Using the substitution

u=\frac{r}{R_1}

Show that :

\int_R^{R_1} \sqrt{\frac{R_1}{r}-1} dr = \int_\frac{R}{R_1}^1 \sqrt{\frac{1}{u}-1} du


So, the substitution under the root is easy enough, it's just the changing of the limits that I can't seem to figure out (or perhaps remember).

I got

\frac{du}{dr}=\frac{1}{R_1}

dr={R_1}du

So substituting

\int_R^{R_1} \sqrt{\frac{R_1}{r}-1} dr = R_1\int_R^{R_1}\sqrt{\frac{1}{u}-1} du


I can see that if I divide both limits by the factor outside the integral, R_1, I'll get the right answer, but surely I can't just do that.
Any hints?

Cheers

 

[e(ho0n3]

The limits are r = R and r = R1. The corresponding limits after the substitution are u = R/R1 and u = 1 (since uR1 = r). The factor of R1 remains though (in your last integral). I don't see how it could disappear, but who knows...

 

[tyco05]

thanks, I knew it was reasonably trivial, I just couldn't see it.

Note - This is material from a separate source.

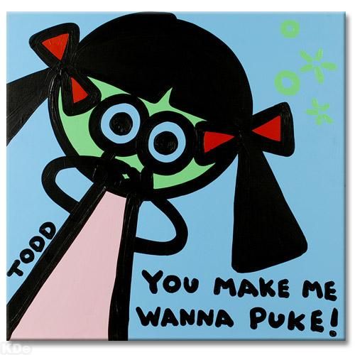 ADD THE IRREVERENT ARTWORK OF WORLD-RENOWNED ARTIST TODD GOLDMAN TO YOUR COLLECTION! Pop artist Todd Goldman is known all across the globe for his whip-smart and wickedly funny puns and pictures! "Make Me Puke" is an original acrylic painting on stretched canvas, hand signed by Goldman. Includes Certificate of Authenticity! Measures approx. 24" x 24" (image).

That factor of R1 is still supposed to be there though right?
Maybe another mistake on this assignment...

I also need help with the next part, which I don't even know where to start on.

Show that in the limit \frac{R}{R_1}\rightarrow0

\int_{\frac{R}{R_1}}^1\sqrt{\frac{1}{u}-1}du \approx \frac{\pi}{2}-\int_0^{\frac{R}{R_1}}\sqrt{\frac{1}{u}}du

I have no bloody idea where to start, it's doing my head in! It can't be that difficult!
Any hints?

 

[Tide]

\int _x^1 \sqrt {\frac {1}{u} -1} du = \int _0^1\sqrt {\frac {1}{u} -1} du - \int_0^x \sqrt {\frac {1}{u} -1} du

The first integral is \frac {\pi}{2} and for the second observe that
\sqrt {\frac {1}{u} - 1} = \sqrt {\frac { 1-u}{u}}
and use the binomial expansion on the numerator. I think there's a factor of \frac {1}{2} missing in the last term of your equation.

 

[tyco05]

How do you just know that the first integral is \frac{\pi}{2}?